Since a couple days ago, apparently. So says brad.
You misunderstand. We use Spamhaus for filtering incoming mail, it obviously isn't strong enough. There has been nothing modified in the last few days with maybe the exception of more incoming spam to us. The "feature" is the ability to have your username@livejournal.com forward to your personal address. This is not new, has existed for years. And yes you're able to disable it.
Well it sounded like he said "we used to use some blacklists, but now we don't." Maybe he actually meant "the blacklists stopped working."
But I never got spam relayed via LJ until a few days ago, and now I do.
This is an unfortunate problem for a lot of users and I know I personally get a lot of spam through my lj address - it is somewhat odd (and sad that I find it odd) that you weren't before. Did you use your @livejournal.com address for anything valid before? For whatever it is worth, spam filtering in general is being re-architected internally now.
No, I never used my lj address for anything...
So i have it set to send to a gmail account, which then forwards real (not spam) email to my actual account. It works pretty well, and I haven't seen any spam at all from lj.
I'll suggest the checkbox option to the feature team to disable the incoming mail to a Livejournal address.
However:
"it's because they decided to turn off all their damned spam filters. And call it a "feature""
is wrong.
Traditionally spammers harvested email addresses that had been published somewhere, e.g. web pages, mailing list archives, etc. If you had never used yours before and you're getting spam now, the conclusion seems to be that some spammer must recently have had the idea of getting a list of all the users in LJ and add @livejournal.com to them.
(I know that you don't care anymore, but I'm throwing out this hypothesis so that the peanut gallery can speculate/further elaborate on it).
I had the strange coincidence(?) that within a day of re-paying for my account (I had accidentally let it lapse), I started getting copious amounts of spam to my @livejournal.com address, which I almost never use, and had never gotten significant spam to before. It seems to have tapered off somewhat at this point, or maybe my filters are just working better, but it seems strange for that to be a coincidence. I wonder if someone is somehow scavenging for e-mail addresses for people who have paid recently.
Only paid users get livejournal.com mail addresses.
Yeah. I was paid, I got very little spam. My paid account expired. 3 days later, I re-paid, and magically started getting spam to my livejournal address.
oh gnoes, the interweb in "spam levels not consistent across time" shocker!
Yeah. Unauthenticated email just seems more and more like a hopelessly lost cause.
QMTP?
QMTP doesn't seem to have any advantage over SMTP. And possibly some disadvantages; it's possible (and not completely unheard-of) to negotiate cryptographic authentication for an SMTP session, but I don't see where that could be shoehorned into QMTP.
Anyway, most people agitating for an SMTP replacement seem to be missing a few fundamental points.
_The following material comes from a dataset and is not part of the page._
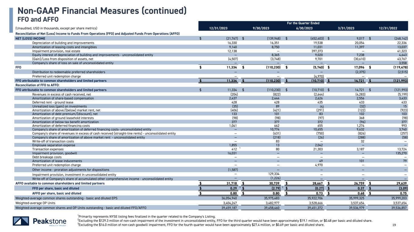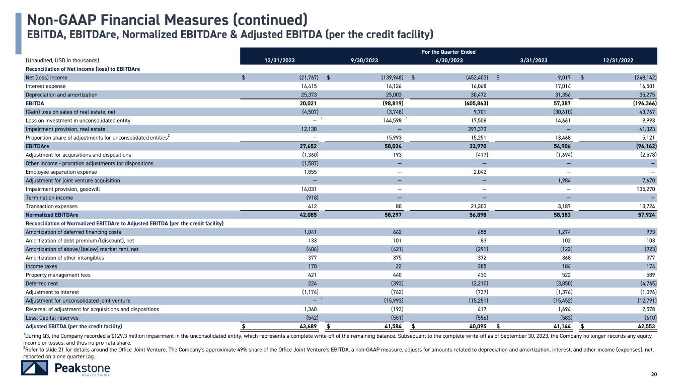 19 For the Quarter Ended (Unaudited, USD in thousands, except per share metrics) 12/31/2023 9/30/2023 6/30/2023 3/31/2023 12/31/2022 Reconciliation of Net (Loss) Income to Funds From Operations (FFO) and Adjusted Funds From Operations (AFFO) NET (LOSS) INCOME $ (21,767) $ (139,948) $ (452,403) $ 9,017 $ (248,142) Depreciation of building and improvements 16,330 16,351 19,538 20,054 22,336 Amortization of leasing costs and intangibles 9,140 8,750 11,031 11,397 13,037 Impairment provision, real estate 12,138 — 397,373 — 41,323 Equity interest of depreciation of building and improvements - unconsolidated entity — 8,365 9,020 7,238 4,643 (Gain)/Loss from disposition of assets, net (4,507) (3,748) 9,701 (30,610) 43,767 Company's share of loss on sale of unconsolidated entity — — — — 3,558 FFO $ 11,334 $ (110,230) $ (5,740) $ 17,096 $ (119,478) Distribution to redeemable preferred shareholders — — — (2,375) (2,515) Preferred unit redemption charge — — (4,970) — — FFO attributable to common shareholders and limited partners $ 11,334 $ (110,230) $ (10,710) $ 14,721 $ (121,993) Reconciliation of FFO to AFFO: FFO attributable to common shareholders and limited partners $ 11,334 $ (110,230) $ (10,710) $ 14,721 $ (121,993) Revenues in excess of cash received, net (204) (822) (2,644) (4,283) (5,199) Amortization of share-based compensation 2,437 2,444 2,626 2,556 3,433 Deferred rent - ground lease 428 428 435 433 433 Unrealized loss (gain) on investments (35) 89 (5) (32) 15 Amortization of above/(below) market rent, net (406) (421) (291) (122) (923) Amortization of debt premium/(discount), net 133 101 83 102 103 Amortization of ground leasehold interests (98) (98) (97) 368 (98) Amortization of below tax benefit amortization 377 377 372 (96) 377 Amortization of deferred financing costs 1,041 662 655 1,274 993 Company's share of amortization of deferred financing costs- unconsolidated entity — 10,774 10,655 9,632 3,740 Company's share of revenues in excess of cash received (straight-line rents) - unconsolidated entity — (631) (750) (826) (257) Company's share of amortization of above market rent - unconsolidated entity — (218) (26) (288) (58) Write-off of transaction costs — 83 — 32 — Employee separation expense 1,855 13 2,042 — — Transaction expenses 412 1 80 21,303 3,187 13,724 Impairment provision, goodwill 16,031 — — — 135,270 Debt breakage costs — — — — — Amortization of lease inducements — — 49 101 79 Preferred unit redemption charge — — 4,970 — — Other income - proration adjustments for dispositions (1,587) — — — — Impairment provision, investment in unconsolidated entity — 129,334 — — — Write-off of Company's share of accumulated other comprehensive income - unconsolidated entity — (1,226) — — — AFFO available to common shareholders and limited partners $ 31,718 $ 30,739 $ 28,667 $ 26,759 $ 29,639 FFO per share, basic and diluted $ 0.29 3 $ (2.79) 2 $ (0.27) $ 0.37 $ (3.09) AFFO per share, basic and diluted $ 0.80 $ 0.80 $ 0.73 $ 0.68 $ 0.75 Weighted-average common shares outstanding - basic and diluted EPS 36,054,940 35,975,483 35,922,706 35,999,325 35,999,203 Weighted-average OP Units 3,404,247 3,482,977 3,528,666 3,537,654 3,537,654 Weighted-average common shares and OP Units outstanding - basic and diluted FFO/AFFO 39,459,187 39,458,460 39,451,372 39,536,979 39,536,857 Non-GAAP Financial Measures (continued) FFO and AFFO 1Primarily represents NYSE listing fees finalized in the quarter related to the Company's Listing. 2Excluding the $129.3 million of non-cash impairment of the investment in unconsolidated entity, FFO for the third quarter would have been approximately $19.1 million, or $0.48 per basic and diluted share. 3Excluding the $16.0 million of non-cash goodwill impairment, FFO for the fourth quarter would have been approximately $27.4 million, or $0.69 per basic and diluted share.

One is, each SMTP hop is already authenticated: you can't forge the sending IP address without playing TCP tricks that I haven't heard of spammers using (sequence number prediction, that sort of thing). Next is, you don't want hop-by-hop authentication like you'd get from an SMTP replacement, because hop-by-hop authentication doesn't really get you very much (see previous point); you want end-to-end authentication like you'd get from PGP or S/MIME or DKIM. And the third and most important is, end-to-end authentication still won't do you any good because all that spam is being sent by botnet zombies anyway and the sender can just hijack the user's credentials.
Then the act of sending a mail should negotiate for and whitelist the recipient's credentials in anticipation of a reply.
(See as ever djb's IM2000 concept, where the credential could be the address of the server hosting the mail and thus not easily forged in a useful way. IM2000 had/has the same separate-but-equal problem he was bitching about with IPv6, though.)
SBL-XBL, or the new Zen list (which includes the PBL)? The latter is much more effective than the former, I've found.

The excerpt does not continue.